The making of Family Ties is a stunning story of 1980s serendipity
I was late falling in love with Family Ties.
I had thought it was some soppy soap drama.
Until, a year late, in 1983 I realized it was hilarious. And a great message show.
I was (and am) exactly Michael J. Fox’s character’s age.
I was in 11th grade in 1982. Just like Alex P. Keaton. (Fox is actually 5 years older than me, he was playing younger).

Well, after all these years I finally logged into our local ‘9Now’ app to stream my ol’ favourite sit-com.
It’s been awesome. Like huge.
I used to have 30 or 40 favorite eps on VHS. Aptly named: the ‘Nick Episode’. The ‘book banning’ ep. The ‘ban-the-bomb’ ep where Steven re-starts his 1960s magazine. The Lauren ep with Courtney Cox.
Wow. To relive those hilarious – and touching – eps. Again.
But have you ever heard about how the show came about? And it’s unique love affair with US and global audiences?
And if you’ve never seen the show? The seasons 3–6 really hold up. And yet are a time capsule of those unique 1980s, a simpler age.
An age when life and politics weren’t so divisive. Michael Gross (Mr Keaton) emphasizes this sad fact about today.
You should all watch this making of Family Ties doco on YouTube. It makes for fascinating nostalgia.
So many of the decisions almost didn’t happen.
Originally the creator Gary David Goldman didn’t like Fox for the Alex part!
The show – like all good shows – was loosely based on Goldman’s own life where his 1960s hippy ideals were being lost on his own kids.
Remind you of something?
And of course the show took on a life of its own.
Half a season in everyone realized that Michael J. Fox was the star.
Baxter & Gross (the Keaton parents) had to take ego drops.
The show wasn’t about the parents.
It was about the kids.
I loved the show so much that I even got to write, act and ‘direct’ a 20-minute 4-act Family Ties-like sit-com to my church cell group of 35 people at a Christmas break-up variety night party back in 1988-ish.
It was a rip-roaring success and I’ve never had as much fun as that week in my entire life.
Directing and script coaching my four best friends, my friend’s girl-friend and one of the mothers.
We had a ball.
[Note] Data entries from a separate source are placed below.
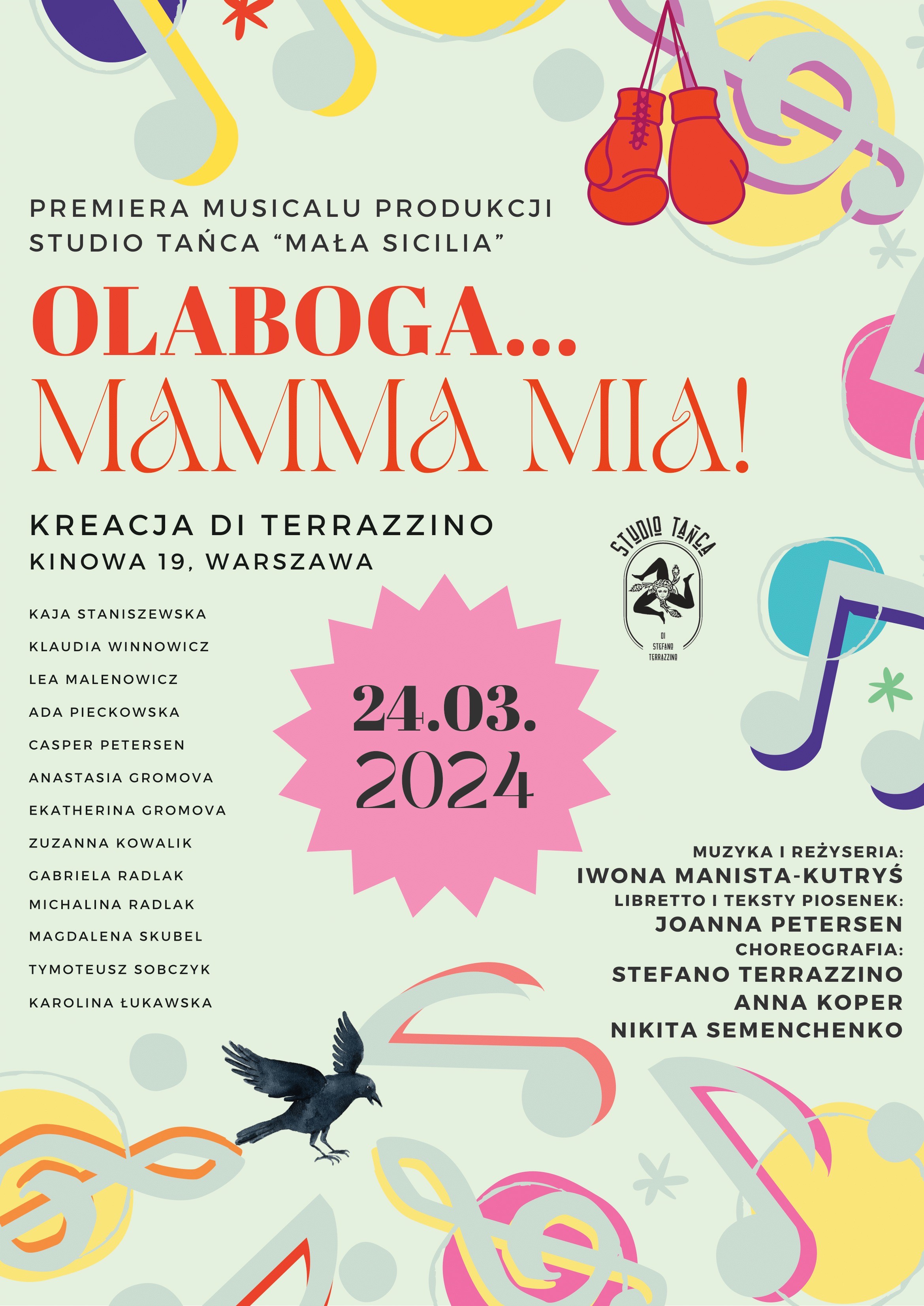 „Olaboga…Mamma Mia!!” to wyjątkowy musical stworzony z myślą o młodzieży i dla młodzieży. To swoista nauka poprzez muzykę, w której dzieła Mickiewicza, Fredry, Słowackiego czy Antoine de Saint-Exupéry zostały wplecione w życie nietuzinkowych nastolatków. Całość objęta jest klamrą ponadczasowego przesłania - „akceptuj siebie i innych, podążaj swoją drogą”.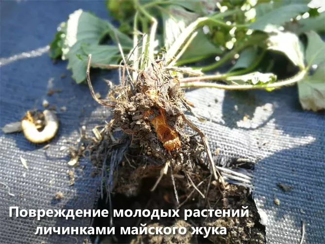 Посадка кустов клубники в почву, зараженную вредителями не сулит ничего хорошего. Корни клубники очень вкусны для личинок, и эффект от их питания очень неприятный (часто целые растения увядают и выпадают).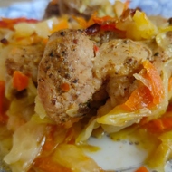 Pork with Cabbage, Carrots, and Tomatoes in the Oven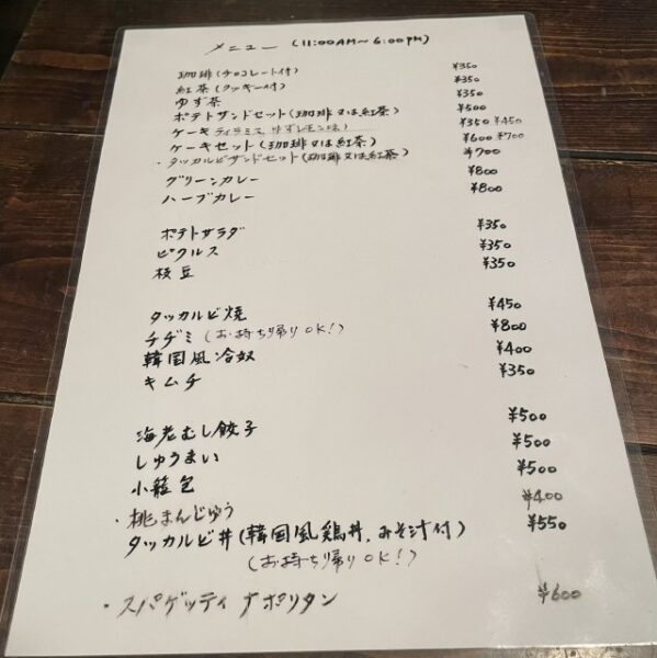 そして元焼肉屋さんということもありメニューも少し変わっていてチヂミやタッカルビ、キムチまで。

I’ve got it on tape somewhere.
It was entitled ‘Be Yourself’ and I sold it to our home group leader as a re-telling of the Biblical story of Job getting advice from his four friends.
The Family Ties-like jokes got huge laughs.
None of my friends could believe it.
We rehearsed twice. And I got them all in Family Ties-like voice and timed perfectly, even getting them to wait for laughs.
Just like in a real FT ep.
I got to be a Michael J. Fox-like character of course. Reluctantly setting up a Skippy-like friend.
I must confess that I think it was my life’s best work. It was derivative. But could have been a FT ep.
The dialog was gold.
The 4 acts worked perfectly and the 3 friends of the guy each gave unique and quirky romantic advice to him. The scenes bewteeen the couple and the two girls were awesome too, earning genuine laughs.
I’ve only once since got to do something similar. In the 2000s I was in a research group where my colleagues were near doubles of Seinfeld, Elaine & Kramer. I wrote a script, donned specs and became George to complete the four.
It was funny. We did well.
But the 4 act Family Ties-like screenplay I wrote 20 years earlier was my crowning life achievement.
I wrote it in an inspired 3 hours.
I couldn’t believe how the structure and heart took on a life of its own.
A year after they finished filming Family Ties I got to attend the pilot filming of a new series filmed on the Family Ties sound stage.
It was awesome to be there. Those sound stages are only 8 rows deep but incredibly wide. I recommend the experience.